From practically the very first page, William King throws the reader straight into the last days of Aenarion’s rule; a time of swords, blood and the very real possibility that the world will end in fire. Once you’ve managed to surface from the frantic pace of battle (and you really are dropped in the middle of it) what you get is a great way to start any book. The pace flows like quicksilver and you’ve got to run to catch up. Bang! Before you know it you’ve been drawn into what looks to be one massive adrenaline rush of a book. The enemies are truly monstrous but the heroes are big enough to make a stand that will echo down the ages. Even if you don’t know your Warhammer history you’ll be left in no doubt that you’re witnessing something momentous.

And then it all comes crashing to a juddering halt.

Don’t get me wrong, any book has to introduce its main characters and let the reader know what they’re all about. It’s just that, after such a rip roaring start to the book, to have things slow down that quickly makes the flow of the entire book choppy to say the least. And how many times do we really need to know that Tyrion and Teclis are something special? Really?  I don’t know about you but I only need telling the once, maybe twice if something huge happens. By telling us so often, King doesn’t leave himself much room (if any) to actually show us who these characters are right at the start. To be fair, this is addressed in the later stages and I not only got right into the heads of Tyrion and Teclis but I also got a real feel for their relationship and what they meant to each other. I just couldn’t help but feel that this had all been approached the wrong way round. Tell us who the characters are first, then show us what makes them so special.

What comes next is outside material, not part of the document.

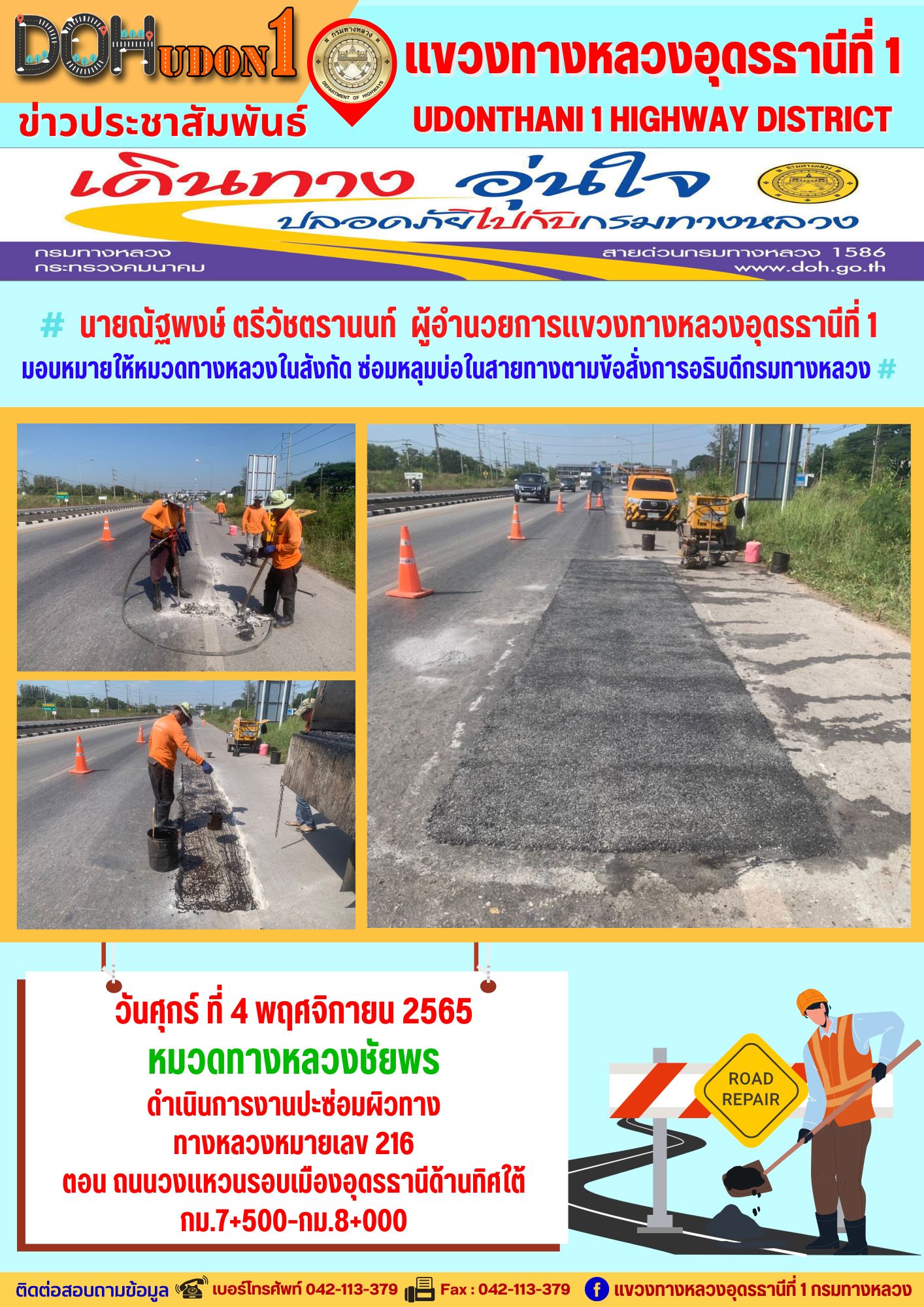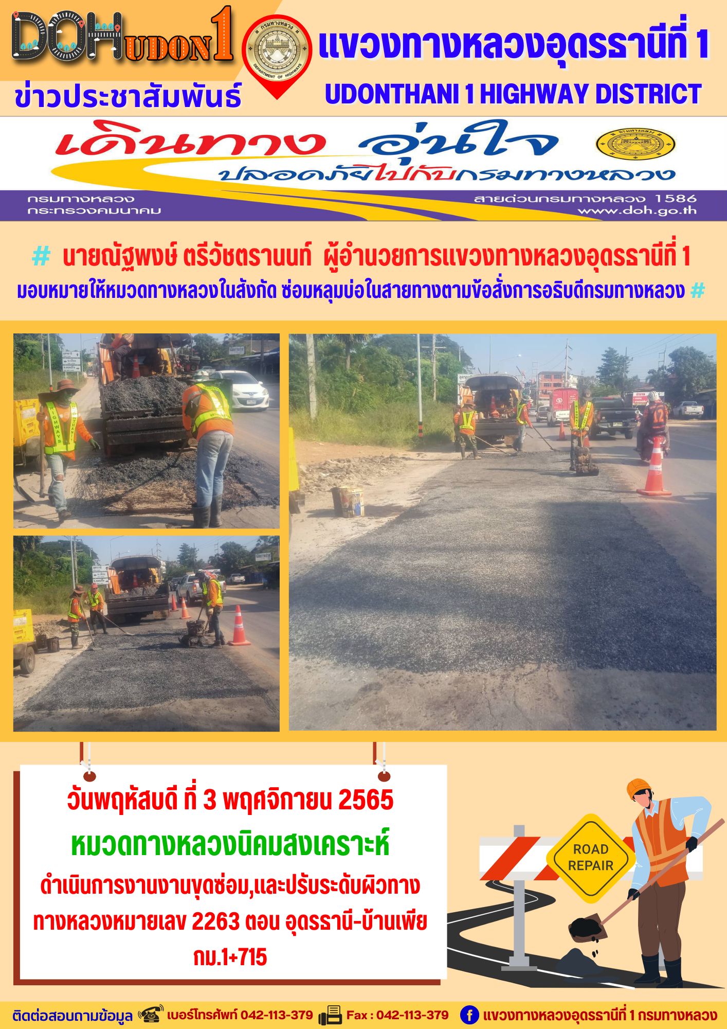 นายณัฐพงษ์ ตรีวัชตรานนท์ ผู้อำนวยการแขวงทางหลวงอุดรธานีที่ 1 มอบหมายให้ นายสมเด็จ ปุระเทพ รอ.ขท.อุดรธานีที่ 1 (ป) ลงพื้นที่เพื่อให้คำแนะนำ การซ่อมบำรุงผิวทาง งานปะซ่อมผิวทาง ให้กับผู้ปฎิบัติงาน

Luckily for us though, all the other aspects of ‘Blood of Aenarion’ are bang on the money. Once the twins reach the city of Lothern then the game is well and truly on and King delivered as far as I was concerned.
Where King really got it right for me was his creation of a scenario where Tyrion and Teclis are possibly in danger whichever way they turn. You’ve got a daemon tearing up the countryside (escalating the tension of the book with each new conquest) and the brooding menace of the Witch King promising dark events to come in the future. If this wasn’t enough, the city that Tyrion and Teclis should be safe in is full of intrigue and ready to take advantage. This makes for some deliciously uncertain passages where a mere double-cross is considered passé; we’re talking real intrigue here.

King signs things off with a battle sequence that’s in keeping with how he kicked the novel off. I had an idea how things had to turn out but all credit to King that I couldn’t take my eyes off the page in the meantime, especially for the explosive finale.

‘Blood of Aenarion’ isn’t without its issues but rises above these, as the plot progresses, to become a gripping read that has you on your guard as well as the main characters. I’ve got high hopes for this series and I’ve got every faith that William King will deliver.